The DOTr, for the first time, released details of a plan to tap Japanese companies to rehabilitate and maintain the almost two decades-old MRT3, which runs along the crucial Edsa in Metro Manila.
The DOTr said it hosted last week officials from the Japan International Cooperation Agency (Jica) during a so-called appraisal mission. The event covered technical matters on the size, scope and project cost of the MRT-3 rehabilitation project.
Based on those discussions, the DOTr said the project would cost an estimated 34.48 billion yen or close to P17 billion.
The rehabilitation and maintenance will take some 43 months. It said 31 months were allocated “for the simultaneous rehabilitation and maintenance works to restore MRT3 to its original design condition and capacity.” The remaining 12 months would be for a so-called defect liability period.

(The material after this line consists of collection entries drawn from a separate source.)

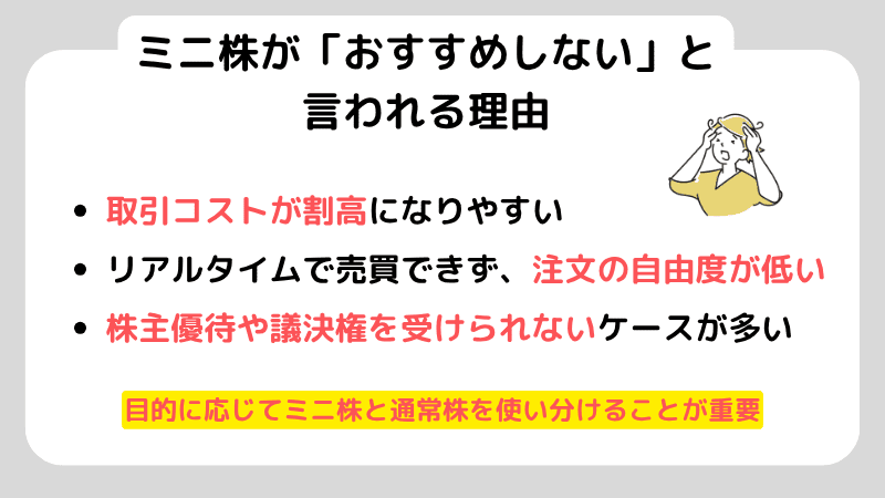 ミニ株が「おすすめしない」と言われる主な理由3つ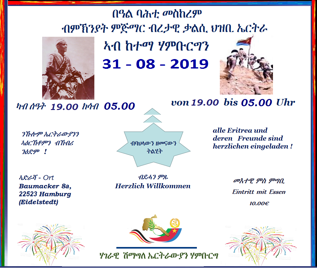 ጽምብል ብዓል ሓደ መስከረም ኣብ ከተማ ሃምቡርግ *** /////*** ሃገራዊ ሽማግለ ከተማ ሃምቡርግ ንኹሉ ኤርትራዊ ዜጋን ኣዕሩኽ ኤርትራን ብኽብሪ ትዕድም
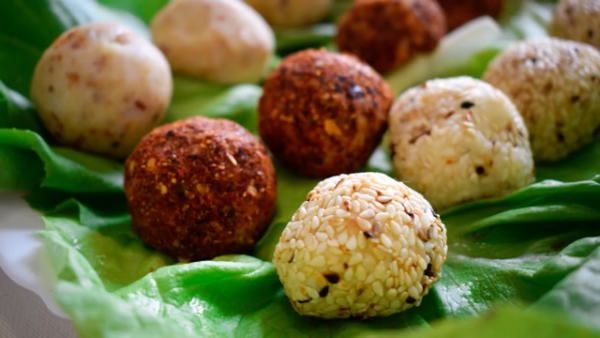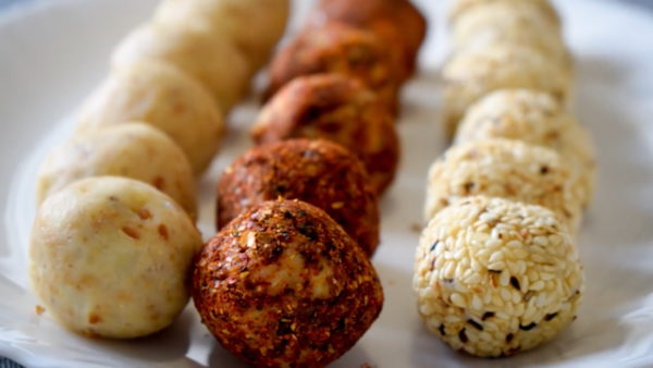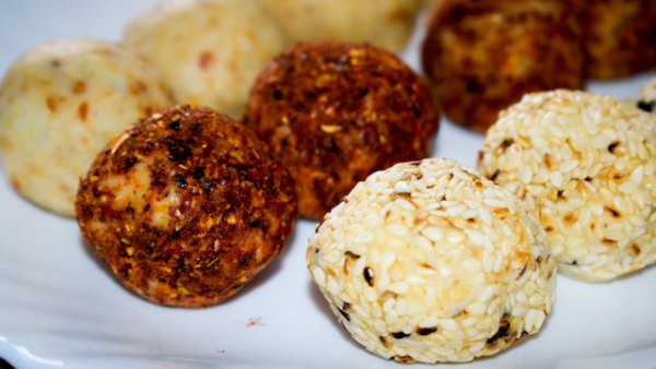 Од смесата со сусам вадете топчиња и валкајте ги во сусам. Од смесата со морков вадете топчиња и валкајте ги во толчена црвена пиперка.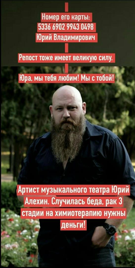 Юрка солист Ростовского музыкального театра - шикарный бас, огромный мужик с бородой! Мой однокурсник по консерватории. Силач! У него собственное силовое шоу где он рвет сковородки и подковы, гнёт шампура об кадык(не повторяйте такое сами!). а ещё он профессиональный дед мороз! Дети его обожают! Уже больше двадцати лет он радует публику, но сейчас он болен... я сам только что узнал и сразу же с ним связался, но он слаб и подробности не сказал. Попросил до утра не тревожить его. Я в шоке сижу и блин слов не нахожу.

The DOTr said the new maintenance and rehabilitation provider would begin work starting this June. The loan signing is also targeted for next month.

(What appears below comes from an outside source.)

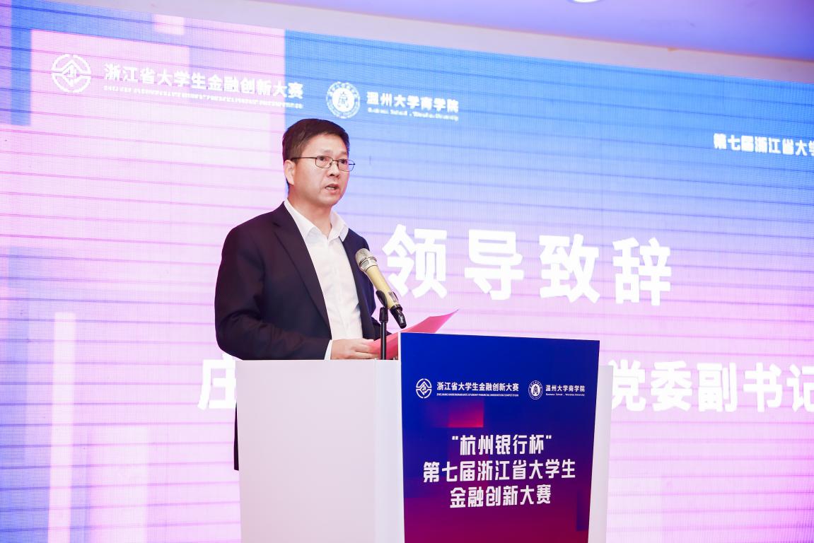 11月27日,由浙江省大学生科技竞赛委员会、钱塘江金融港湾高等教育联盟主办,浙江省大学生金融创新大赛委员会、浙江工商大学和温州大学承办,杭州银行股份有限公司和浙江省金融人才协会协办的“杭州银行杯”第七届浙江省大学生金融创新大赛在温州大学顺利举行。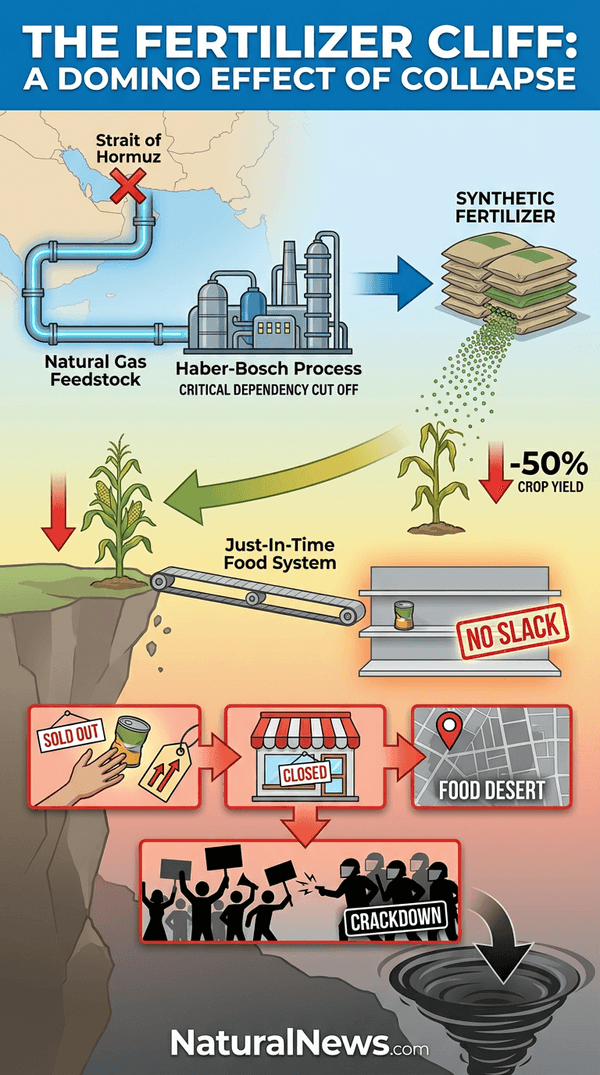 This crisis has a precise, ignitable fuse: the closure of the Strait of Hormuz. As I’ve analyzed, this critical maritime chokepoint is effectively closed due to the U.S.-Israeli military conflict with Iran, severely disrupting the global supply of nitrogen fertilizers essential for modern agriculture [2]. The corporate media may frame this as a market disruption, but in my view, it is a direct, intentional chokehold on global food security, ignored by mainstream narratives to prevent public panic. The buffer provided by last season’s harvest is rapidly depleting, and I believe we are setting the stage for a severe food crisis later this year that will catch the oblivious masses completely unprepared.

While it did not name the provider, the DOTr in previous statements said they were considering the tandem of Sumitomo Corp. and Mitsubishi Heavy Industries. Mitsubishi-Sumitomo handled maintenance operations for the MRT3’s first 12 years of operations.

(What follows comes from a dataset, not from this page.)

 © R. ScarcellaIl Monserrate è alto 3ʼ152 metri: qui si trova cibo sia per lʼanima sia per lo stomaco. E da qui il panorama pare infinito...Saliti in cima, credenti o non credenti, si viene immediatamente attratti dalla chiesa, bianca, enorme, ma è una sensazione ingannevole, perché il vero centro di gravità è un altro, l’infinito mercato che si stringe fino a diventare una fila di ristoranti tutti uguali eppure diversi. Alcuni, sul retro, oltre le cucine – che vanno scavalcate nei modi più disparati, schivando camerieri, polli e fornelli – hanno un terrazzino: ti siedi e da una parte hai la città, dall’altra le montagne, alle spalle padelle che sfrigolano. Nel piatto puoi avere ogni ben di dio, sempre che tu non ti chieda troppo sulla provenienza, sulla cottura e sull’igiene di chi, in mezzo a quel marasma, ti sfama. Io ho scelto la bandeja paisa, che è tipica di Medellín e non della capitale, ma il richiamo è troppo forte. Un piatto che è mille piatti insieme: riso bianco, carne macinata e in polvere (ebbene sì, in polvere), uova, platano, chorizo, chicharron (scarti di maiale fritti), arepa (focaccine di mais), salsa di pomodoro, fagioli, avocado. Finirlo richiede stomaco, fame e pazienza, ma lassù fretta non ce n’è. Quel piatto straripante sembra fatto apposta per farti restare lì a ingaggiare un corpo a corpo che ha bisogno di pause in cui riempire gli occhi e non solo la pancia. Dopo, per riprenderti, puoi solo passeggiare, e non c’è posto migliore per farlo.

The project scope will include the MRT3’s power supply system, overhead catenary system, radio system, CCTV system, public address system, signaling system, rail tracks, road rail vehicles, depot equipment, elevators and escalators and other station building equipment, the DOTr noted.
The DOTr may eventually allow the private sector to assume operations of the MRT3. Metro Pacific Investments Corp. last year bagged original proponent status for its P12.5-billion offer to rehabilitate, operate and maintain the MRT3 for a period of 30 years.
Once approved by the National Economic and Development Authority, Metro Pacific’s offer will be subjected to a competitive challenge.
The DOTr is finalizing the results of an audit to determine whether it could use 48 train coaches supplied by Chinese company CRRC Dalian. It earlier tapped Germany’s TUV Rheinland as independent consultant for the audit.
John Batan, DOTr undersecretary for railways, said previously that the TUV Rheinland results would “guide” the DOTr in the scope of works to be undertaken by the Japanese providers.